Composer Robbie Robertson has worked with Martin Scorsese for more than 40 years (they were even roommates in the '70s when Robertson moved into Scorsese's house on Mulholland Drive). But for The Irishman, Scorsese's three-and-a-half-hour gangster epic, the filmmaker gave Robertson a new, unique request: "Marty wasn't interested in a traditional movie score. Big bum-dah-ba-dum-brrrring, you know — when they're driving fast, it's going bum-bum-bum, shit like that," Robertson, 76, tells THR.
Instead, Scorsese wanted Robertson to create music that fit the tone — the movie is probably best described as a character drama more than a traditional mobster movie. "It's a very strong mood, and I've never seen a gangster movie with this kind of tonality before," says Robertson. "It was tricky."
It was made trickier by the fact that Netflix's The Irishman, which stars Robert De Niro as a truck driver who becomes a hitman for an Italian crime family and crosses paths with infamous Teamster Jimmy Hoffa (Al Pacino), spans multiple decades. This meant that Scorsese used de-aging technology to make septuagenarian actors De Niro, Pacino and Joe Pesci look, at some points, as young as 30. "I thought, 'as long as it works,' " says Robertson of his first impression when he was told about the de-aging concept. "As long as it isn't distracting. All we know from the past is people that are younger playing older, not too much the other way around. They give these tests and the tests looked really encouraging and it was like, if you can do that and if you can pull it off, this is historic."
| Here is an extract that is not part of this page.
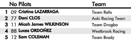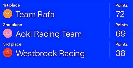 Debido al descalabro en este GP Westbrook Racing se encuentra en tercer lugar, pero bastante lejos de los dos primeros.

For Robertson, the movie's decades-spanning timeline meant he had to create something outside of time. "I've never, ever had to write music before that could suit … all of these decades," he says. "I had to find something that had a timeless mood and quality to it, that it doesn't matter what part of the picture you play this in."
Indeed, the theme song for The Irishman, which appears on the film's soundtrack (released Nov. 8), is a melancholy tune that features acoustic guitars strumming while a harmonica's melody evokes a lonesome feeling. It's almost more spaghetti Western than mob movie.
"It isn't that Marty or I don't have a great appreciation of fantastic traditional movie scores," says Robertson. "I love Alex North and Elmer Bernstein — Marty has worked with them before. There were certain kinds of movies that that worked for."
He describes Scorsese's movies as "left of center, in a certain kind of way. And if you do something too typical, it brings things down — it doesn't bring things up. And with this, the unexpected is really valuable," he says. "You don't want to be taken for granted and you don't want it to be obvious."
Robertson, also known for his work as lead guitarist and songwriter for The Band, has worked with Scorsese on most of his scores, including Raging Bull (1980), Casino (1995), The Departed (2006) and The Wolf of Wall Street (2013). "As I experiment, Marty knows the material better than anybody in the world, so he's the barometer — he's the one that can sense when something might have a possibility or we're just going in the wrong direction," says Robertson. "He gives me signals."
He's also continued his work as a solo artist, and released his album Sinematic on Sept. 20. Because he was working on the album at the same time as The Irishman, he chose to weave inspiration from the film directly into the music. The first single, "I Hear You Paint Houses," which features vocals from Van Morrison, is inspired by Charles Brandt's book I Heard You Paint Houses, which was the basis for The Irishman (and the film's working title). "I've never had that before in my life and I really embraced it in the making of this record and working on the music for the movie," he says. "I just opened my arms up wide and just pulled everything in. It really feels good."